Hannahs: ISU got bad break

WHEELING — It was not the outcome he had hoped for; as a result, Mitch Hannahs left Nashville with a sense of disappointment. He felt his team was dealt a bad hand.

The Skyvue High athletic legend is the head coach of the Indiana State baseball team. The Sycamores qualified for the NCAA Tournament, being placed in the Nashville Regional along with powerhouse Vanderbilt, Ohio State and McNeese State.

Indiana State opened the double-elimination event with a win over McNeese State before losing to Vandy, the nation’s No. 2-ranked team.

The Sycamores bounced back and eliminated the Buckeyes before being ousted by the Commodores.

Indiana State ended a brilliant season with a 43-18 mark, capturing the Missouri Valley Conference Tournament title along the way.

“We knew going into the regional it was going to be tough. We realize how good Vanderbilt is. They beat us in the regular season and they play very well at home,” he said. “What is disappointing is when we looked around at the other regionals, we felt we could have done really well in several of them.
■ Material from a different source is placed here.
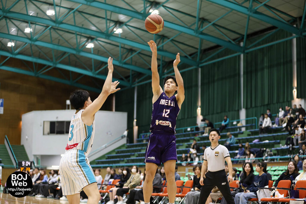 4連敗中の明治大は徐々に調子を上げてきていた筑波大と対戦。両者一時離脱していた選手たちが戻ってきており、明治大は#5針間、#26山際などが復帰。筑波大も#6副島(3年・C)、#18天内(3年・PG)、#34小田(2年・SG)ら、#16岩下(4年・PG)を除く面々が戻ってきた。しかし筑波大はオフェンス・ディフェンスとも波に乗れず、2Q以降に調子を上げた明治大に簡単に得点されてしまう。明治大は要所で#5針間や#12千葉(4年・PG)らの得点が決まり、76-53で勝利した。

“When we won our conference tournament it probably bumped us from a high No. 3 seed to a low No. 2 seed, which ironically may have hurt us by placing us in Nashville,” he added. “But all in all it was a positive experience for our program. It will help us down the road.”

Hannahs said beating Ohio State in the regionals took on no added significance.

“Other than being an elimination game, beating them (Ohio State) was no big deal,” Hannahs noted. “We play a lot of Big 10 teams in the regular season. To have our program where it needs to be we must be able to compete with the Big 10 schools.”

This marked the seventh time Hannahs guided his alma mater to the NCAA Tournament. The Sycamores last qualified for the event in 2014.

“Making the NCAA Tournament was one of our goals going into this season,” he added. “We had a veteran group capable of doing some good things. I would have been disappointed if we didn’t make the tourney.”

While the Sycamores will lose some talented and veteran performers, Hannahs is not looking at next season as a rebuilding one.

“The turnover of players really hurts. We are losing a lot of kids who have been through the wars. Now a lot of those kids next year haven’t been in the fight,” Hannahs offered. “I just found out our shortstop was drafted in the 27th round by the Cleveland Indians. So that will be a big loss.

“But we feel like we can teach them some things and coach them up. We do have some talent returning,” he added. “We will spend most of the summer recruiting. Then we get a little break before school starts.”

Hannahs scripted a prep career of epic proportions. He helped lead Skyvue to the state tournament in both basketball and baseball.

Hannahs, now age 51, went on to script a Hall of Fame baseball career at Indiana State.

Hannahs served as an assistant coach at Indiana State under legendary head coach Bob Warn, coaching the Sycamores from 1995-99 and again in 2001. He then became head coach at Lincoln Trail College in Robinson, Ill., for nine seasons where he led the Statesmen to regional titles in 2005 and 2007, and the Great Rivers Athletic Conference championship in 2006 and 2007.

His playing days at Indiana State were nothing short of star-studded.

A four-year letter-winner from 1986-89, Hannahs finished his career on the diamond with a .376 batting average, 274 hits, 34 doubles, 23 triples, 11 home runs, 220 runs scored, 138 runs batted in and 77 stolen bases. An American Baseball Coaches Association and Baseball America All-American in 1989, Hannahs led the team with a .428 batting average, 101 hits and 76 runs scored in his senior season as the Sycamores claimed the Missouri Valley Conference Tournament championship.

It came as no surprise that Hannahs was inducted into the 19th Indiana State University Athletics Hall of Fame in 2010. After his stellar ISU career, he was a 16th round draft pick of the Milwaukee Brewers, playing in their farm system from 1989-93.

Hannahs is the second winningest coach in Indiana State baseball history.